I am an "event learning" consultant and practitioner and have been since 1974.
When something goes "wrong" -- an injury, explosion, loss of revenue, etc. high hazard industries are required to learn from them.
Almost all events of these sorts can be traced to people who did something "wrong," IN RETROSPECT. That is, I'm NOT talking about intentional harm, or morally or ethically "wrong" here. I AM talking about, in retrospect, "I should not have flown my drone in those high wind conditions because it ended up crashing my drone."
I'm trying to use "retrospection" to get people to realize what they DID, and then get them to acknowledge that whatever they did was "wrong." "I flew my drone in high wind conditions, and in retrospect I acknowledge this was wrong."

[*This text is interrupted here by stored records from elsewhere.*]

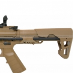 Корпус (ресивер) состоит из двух частей, выполненных из прочного нейлонового волокна. Это снижает вес, но при этом не влияет на надежность. Цевье изготовлено из алюминиевого сплава, имеет интерфейс M-LOK, на который предустановлено 3 металлические планки стандарта RIS (20 мм). Пистолетная рукоять, магазин и приклад – пластиковые. Крепежные винты и штифты – стальные.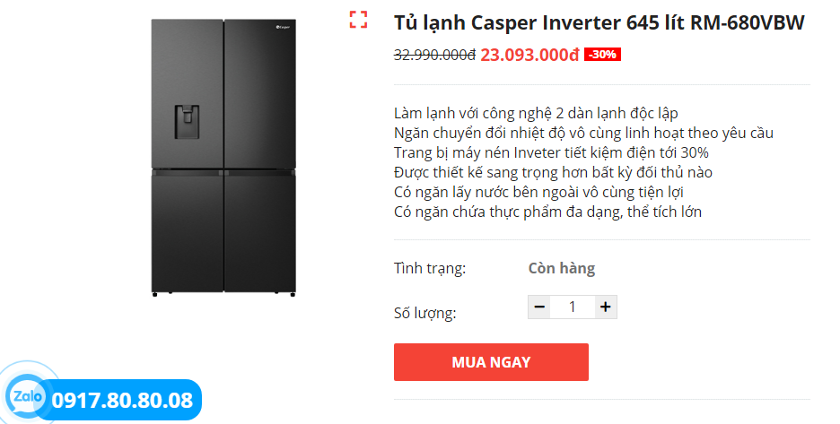 1. Tủ lạnh Casper Inverter 645 lít RM-680VBW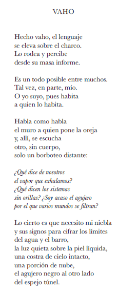 Una nevada, una gárgola, un cuerpo de agua, o mejor dicho un charco, o mejor dicho el mar, o mejor dicho esa humedad que nos da vida, son los lugares a donde nos lleva Stephen, porque nunca va solo a esos parajes donde se detiene al filo de los abismos, y nos suelta la pregunta fulminante: ¿qué dice de nosotros el vapor que exhalamos? ¿soy acaso el agujero por el que varios mundos se filtran?

There are parts of our behavior that are"wrong" in the sense that they will either harm us or other people -- even though we are not aware of them at the time.
But in using the word "wrong," I am getting a lot of push-back these days from people thinking "it's a finger pointing exercise." Far from that, we're asking individual people to look at themselves as part of an incident and SELF-ADMIT what they did that contributed to an incident.
I need to know the kinds of things I do that are "wrong," so that I can change those kinds of things.
So again, can anyone thing of a better word to use instead of:
Who did what WRONG? A word that does not imply morally or ethically "bad?"